DNA sequencing technologies are uncovering unprecedented amounts of information about the genes that drive cancer. Memorial Sloan Kettering’s Robert and Kate Niehaus Center for Inherited Cancer Genomics is taking advantage of those advances to discover more genes that make a person more likely to develop the disease. This knowledge about the cancer-related mutations that run in families could lead to new methods of screening and prevention.
The Niehaus Center is using data from the MSK-IMPACT™ test — which looks for cancer genes in patients’ tumor samples as well as in their normal tissue — in addition to other advanced genomic techniques. Physician-scientist Michael Walsh, a member of the Niehaus Center research team who recently came to MSK from St. Jude Children’s Research Hospital in Memphis, is seeking to expand these kinds of studies to MSK’s pediatric patients. His efforts build on work previously initiated by Niehaus Center leader Kenneth Offit and cancer geneticists Zsofia Stadler and Vijai Joseph.

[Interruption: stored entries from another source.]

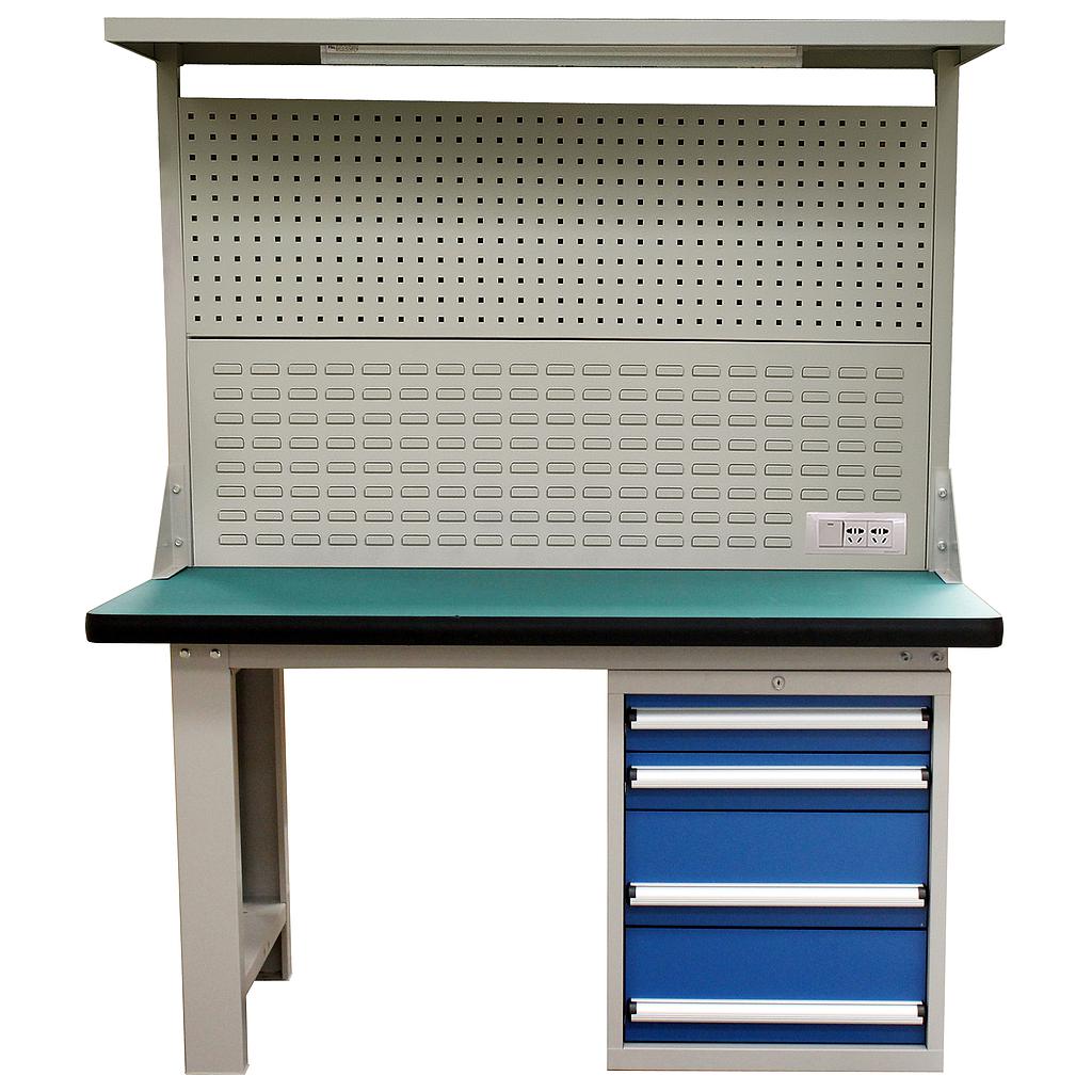 [RHTD0029] Raxwell 重型工作台,带挂板组,尺寸(长*宽*高mm):1500*750*1800(台面厚50mm)四抽边柜
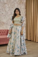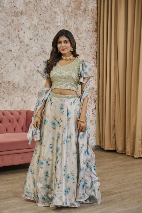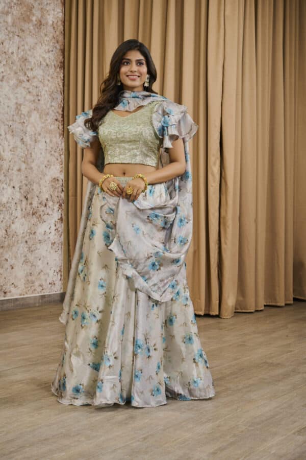 This Light Green Tissue Heavy Embroidery Lehenga is perfect for special occasions. The artfully designed tissue fabric is light and airy, embellished with intricate heavy embroidery for a truly luxurious effect. This stunning piece is sure to turn heads.
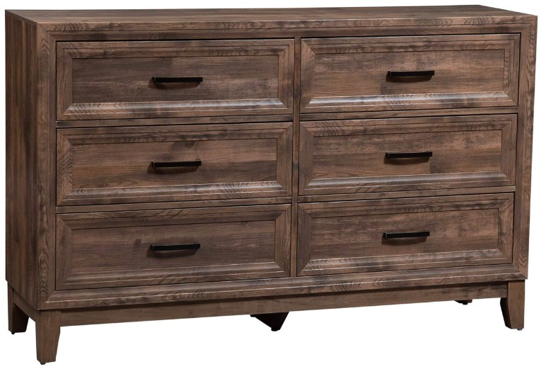 Enhance your room with this 6-drawer Ridgecrest dresser. The cobblestone finish is highlighted by the distressing and antique brass hardware. Softness is added with the picture frame case, tapered leg base, and canted moldings on the drawer fronts.Read More

Dr. Walsh was co-first author on a paper published with his St. Jude colleagues last month in the New England Journal of Medicine that looked at more than 1,000 pediatric patients treated for cancer at a number of different hospitals. The study found that 8.5 percent of patients with pediatric cancer had mutations in their germline DNA that increased their predisposition to cancer. These mutations were present in their cells at birth and could be passed to subsequent generations. More than half of all patients with these mutations had no family history of hereditary cancers.
“Normally, patients with pediatric cancer are referred to genetics specialists only if their cancer or their family history fits certain criteria,” Dr. Walsh says. “These findings suggest that we should reconsider this approach and look at all pediatric cancer patients to determine whether other family members may have an increased cancer risk. However, given the ethical issues and limited understanding of clinical utility, such an approach requires caution and infrastructure in place to handle the weight of this information.”

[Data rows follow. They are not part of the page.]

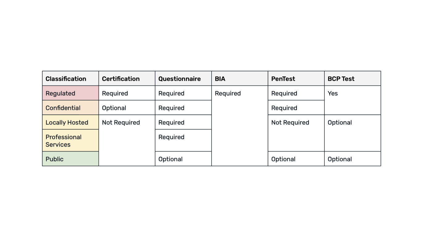 A simple example of a third-party security risk assessment requirement rubric where a series of data classifications are tied to a series of evidentiary requirements.
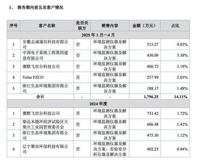 客户方面,2025年前4个月,中国电子系统工程第四建设有限公司、赛默飞世尔科技公司位列前五大客户;同时,赛默飞世尔科技公司也是2023年及2024年的第一大客户。
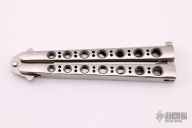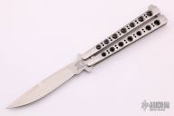 The model 45C by Benchmade features a spear point blade with false top edge. Stainless steel skeletonized handles with T latch. Excellent condition. Comes with original sheath, box and papers. #0223
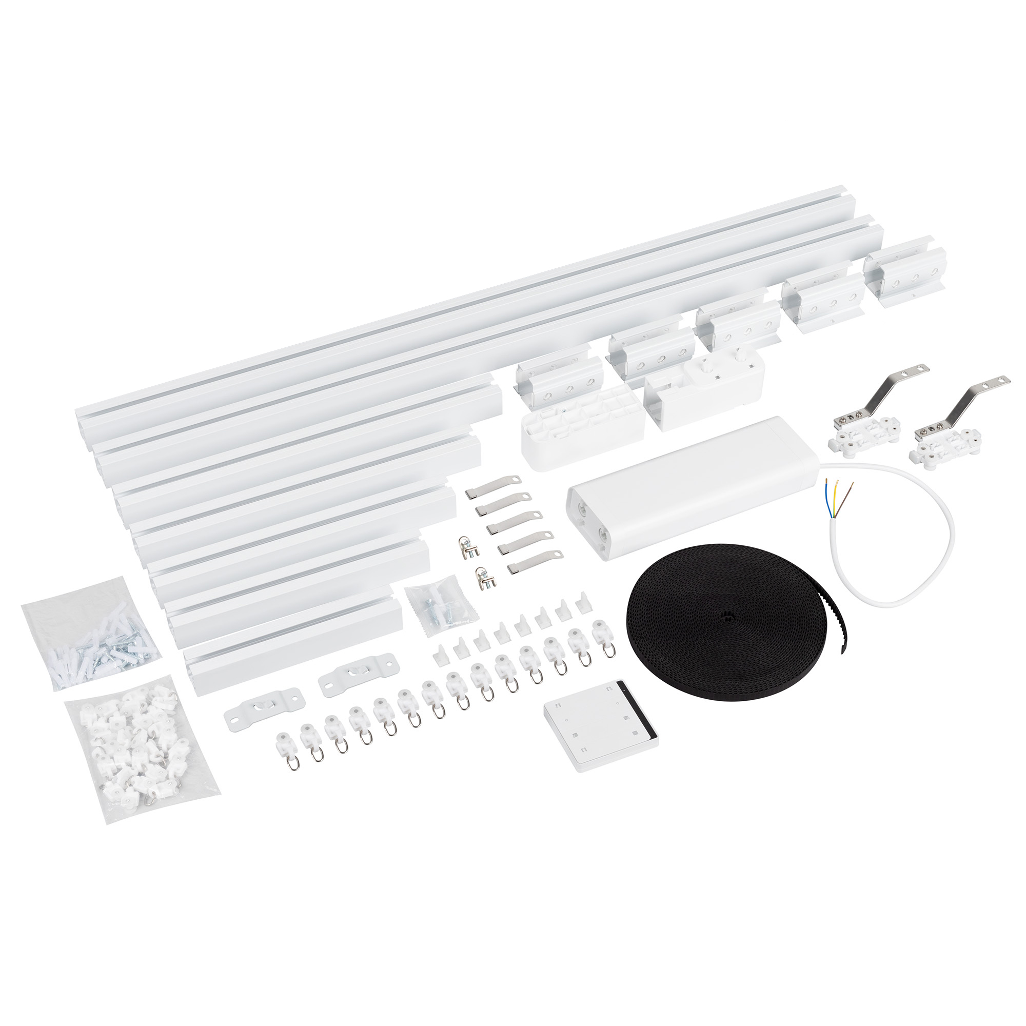 Комплект электрокарниза с независимым управлением двух сторон длиной до 3м (регулируется наборными частями) для раздвижных штор, состоящий из мотора, наборного алюминиевого трека, пульта и комплектующих. Электропривод с питанием 110-240В, мощность 48Вт, момент 3Нм. Управление с помощью панели из комплекта. Ремень из комплекта находится на дне коробки. 1 мотор, 1 пульт дистанционного управления, алюминиевый профиль 1,6 мм (0.9м 2 шт., 0.4м 1 шт., 0.35м 1 шт, 0.3м 1 шт, 0.25м 1 шт, 0.2м 1 шт), 5 соединителей 10 см, 2 шкива, ремень 14м, 2 направляющих бегунка, 26 бегунков, 2 фиксатора, 2 кронштейна, 4 крюка, 27 саморезов с дюбелями

Dr. Offit and Mark Robson, the Niehaus Center’s clinical director, have initiated a multi-institutional study called PROMPT, which addresses some of the crucial concepts around the anticipated shift in how genetic testing is conducted.
In the NEJM study, the investigators sequenced the genomes of patients with pediatric cancers to look for mutations in their germline DNA that were associated with a predisposition to cancer. They found that 95 of the 1,120 patients studied had inherited mutations in 21 different genes, a rate that was much higher than expected. The highest frequencies were found in patients with bone tumors, adrenal cortical tumors (cancers of the adrenal glands), neuroblastoma (a type of tumor that starts in nerve cells), and retinoblastoma (an eye tumor), at 16.7%; central nervous system tumors, at 9%; and leukemia, at 4.4%.
A number of patients had mutations in the BRCA1 and BRCA2 genes, which are associated with an increased risk of breast cancer and ovarian cancer in adults but have not previously been linked to pediatric cancers. The investigators don’t yet know if this association is unrelated or whether these mutations are driving pediatric cancers. Other mutated genes that were found already had been associated with certain inherited childhood cancers, but were thought to be much less common than the new research suggests.
Dr. Offit collaborated with members of the St. Jude team on two earlier studies that found previously unknown mutations in inherited forms of childhood acute lymphoblastic leukemia. In families known to carry those gene mutations, prospective parents who are using in vitro fertilization to get pregnant can seek genetic testing before embryos are implanted to look for defects.Back to top
Keeping Research in the Family
Dr. Walsh says there may be several reasons why so many patients who carried mutations for cancer — including more than half of those in the current study — had no family history of the disease. Some of the mutations may have been de novo, which means that they occurred when the embryo was first dividing and therefore were not inherited from either parent. (But like inherited cancers, these mutations are still found in all cells in the body.) In other cases, the family history may be incomplete. “It’s also possible that family members may carry the genes as well but have not yet developed cancer,” he says, “or that the mutations are not completely penetrant — meaning additional factors are required for cancer to develop.”
“The field of genetics is changing so rapidly,” says Dr. Walsh. “Right now there are three types of results from these genetic studies: The findings may be positive or negative for known cancer genes, or they may have significance that is not known at this time. As new information comes up and we learn more about cancer genes, it will be increasingly important to stay in touch with these families so that we can reach out to them as we learn more.”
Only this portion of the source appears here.